» **Instructions for the task**
From the entries that follow, reproduce exactly and only the lines from the line with "ВЫДВИЖНОЙ: этот проекционный" to the line with "ヘコむあだ名 | 『みいもー』『つくし』『みいお』 |", endpoints included.

» **Information given**
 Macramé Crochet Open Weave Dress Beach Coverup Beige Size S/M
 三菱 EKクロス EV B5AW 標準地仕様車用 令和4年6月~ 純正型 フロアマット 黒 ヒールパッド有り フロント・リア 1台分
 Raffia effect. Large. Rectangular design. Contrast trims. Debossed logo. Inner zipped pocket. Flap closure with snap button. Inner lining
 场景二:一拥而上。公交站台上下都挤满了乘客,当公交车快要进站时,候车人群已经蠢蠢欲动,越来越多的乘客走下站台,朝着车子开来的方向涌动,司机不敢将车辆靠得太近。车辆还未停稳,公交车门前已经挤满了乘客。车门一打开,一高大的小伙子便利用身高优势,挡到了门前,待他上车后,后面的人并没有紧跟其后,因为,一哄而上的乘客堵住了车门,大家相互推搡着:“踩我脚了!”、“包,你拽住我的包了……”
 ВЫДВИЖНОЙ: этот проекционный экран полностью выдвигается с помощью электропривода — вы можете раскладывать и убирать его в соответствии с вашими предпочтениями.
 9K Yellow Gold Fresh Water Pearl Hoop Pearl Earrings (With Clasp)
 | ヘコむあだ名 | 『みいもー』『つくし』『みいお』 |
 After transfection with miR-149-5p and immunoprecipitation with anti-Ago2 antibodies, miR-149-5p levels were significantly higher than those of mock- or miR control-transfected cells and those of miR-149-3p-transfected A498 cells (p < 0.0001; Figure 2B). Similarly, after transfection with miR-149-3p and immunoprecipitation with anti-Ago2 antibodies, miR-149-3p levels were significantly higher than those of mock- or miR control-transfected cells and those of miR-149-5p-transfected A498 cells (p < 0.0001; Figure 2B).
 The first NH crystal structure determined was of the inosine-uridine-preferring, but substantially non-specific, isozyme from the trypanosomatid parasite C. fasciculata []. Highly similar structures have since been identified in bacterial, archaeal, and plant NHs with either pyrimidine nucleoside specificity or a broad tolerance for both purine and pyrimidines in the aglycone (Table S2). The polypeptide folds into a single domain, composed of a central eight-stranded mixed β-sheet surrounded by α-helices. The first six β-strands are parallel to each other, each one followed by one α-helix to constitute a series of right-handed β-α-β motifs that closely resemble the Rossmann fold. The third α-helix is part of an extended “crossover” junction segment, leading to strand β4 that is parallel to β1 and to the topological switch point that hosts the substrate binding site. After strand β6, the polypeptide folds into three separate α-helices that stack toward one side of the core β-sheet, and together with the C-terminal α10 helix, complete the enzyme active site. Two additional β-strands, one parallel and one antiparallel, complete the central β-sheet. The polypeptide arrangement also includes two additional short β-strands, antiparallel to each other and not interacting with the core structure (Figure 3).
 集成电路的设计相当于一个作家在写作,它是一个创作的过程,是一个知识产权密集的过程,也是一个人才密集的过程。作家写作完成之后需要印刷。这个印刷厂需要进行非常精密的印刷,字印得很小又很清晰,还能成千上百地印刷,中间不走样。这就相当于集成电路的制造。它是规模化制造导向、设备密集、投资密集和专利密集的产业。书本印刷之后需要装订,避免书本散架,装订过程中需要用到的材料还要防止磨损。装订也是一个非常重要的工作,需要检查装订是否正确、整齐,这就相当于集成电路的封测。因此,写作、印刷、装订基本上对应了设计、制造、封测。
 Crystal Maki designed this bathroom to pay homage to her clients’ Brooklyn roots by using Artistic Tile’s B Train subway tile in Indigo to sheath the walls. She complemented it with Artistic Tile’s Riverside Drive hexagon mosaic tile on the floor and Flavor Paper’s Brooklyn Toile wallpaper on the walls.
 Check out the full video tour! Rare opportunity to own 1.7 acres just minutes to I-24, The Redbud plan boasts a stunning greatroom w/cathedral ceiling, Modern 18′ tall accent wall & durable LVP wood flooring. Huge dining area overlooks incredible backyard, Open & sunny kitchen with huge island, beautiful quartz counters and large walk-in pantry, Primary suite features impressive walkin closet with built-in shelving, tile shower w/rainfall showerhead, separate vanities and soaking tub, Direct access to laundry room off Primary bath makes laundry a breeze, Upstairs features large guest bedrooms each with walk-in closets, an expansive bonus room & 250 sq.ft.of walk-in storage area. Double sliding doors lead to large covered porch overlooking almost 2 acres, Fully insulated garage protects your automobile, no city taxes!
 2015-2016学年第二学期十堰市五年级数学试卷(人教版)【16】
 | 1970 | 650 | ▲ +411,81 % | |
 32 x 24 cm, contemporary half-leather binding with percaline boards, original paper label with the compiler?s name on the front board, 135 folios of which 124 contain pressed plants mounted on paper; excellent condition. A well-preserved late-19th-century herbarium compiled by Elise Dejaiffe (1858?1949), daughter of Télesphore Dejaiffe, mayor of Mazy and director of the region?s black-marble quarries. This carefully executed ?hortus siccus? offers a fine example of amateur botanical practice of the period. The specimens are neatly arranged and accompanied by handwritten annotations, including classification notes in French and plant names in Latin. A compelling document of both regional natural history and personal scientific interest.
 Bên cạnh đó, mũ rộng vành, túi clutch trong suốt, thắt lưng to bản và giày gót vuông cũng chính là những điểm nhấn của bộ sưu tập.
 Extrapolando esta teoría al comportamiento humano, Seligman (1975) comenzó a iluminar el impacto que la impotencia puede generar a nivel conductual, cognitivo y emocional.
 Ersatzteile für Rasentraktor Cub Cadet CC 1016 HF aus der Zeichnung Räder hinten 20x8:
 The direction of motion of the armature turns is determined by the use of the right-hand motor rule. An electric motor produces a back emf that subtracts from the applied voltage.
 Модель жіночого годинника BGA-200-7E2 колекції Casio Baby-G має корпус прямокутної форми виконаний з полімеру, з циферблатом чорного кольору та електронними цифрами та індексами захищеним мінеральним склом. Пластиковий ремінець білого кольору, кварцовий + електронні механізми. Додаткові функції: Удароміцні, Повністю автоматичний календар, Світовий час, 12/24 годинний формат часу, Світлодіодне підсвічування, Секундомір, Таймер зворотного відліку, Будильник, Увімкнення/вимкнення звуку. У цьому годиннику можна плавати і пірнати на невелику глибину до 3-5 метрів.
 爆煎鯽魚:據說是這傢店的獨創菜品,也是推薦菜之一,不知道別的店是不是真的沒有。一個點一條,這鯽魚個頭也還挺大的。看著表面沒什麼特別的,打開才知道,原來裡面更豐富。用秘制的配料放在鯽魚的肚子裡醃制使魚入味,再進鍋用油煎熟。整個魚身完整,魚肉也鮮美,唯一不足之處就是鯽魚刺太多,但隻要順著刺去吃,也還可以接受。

» **Answer space**
 ВЫДВИЖНОЙ: этот проекционный экран полностью выдвигается с помощью электропривода — вы можете раскладывать и убирать его в соответствии с вашими предпочтениями.
 9K Yellow Gold Fresh Water Pearl Hoop Pearl Earrings (With Clasp)
 | ヘコむあだ名 | 『みいもー』『つくし』『みいお』 |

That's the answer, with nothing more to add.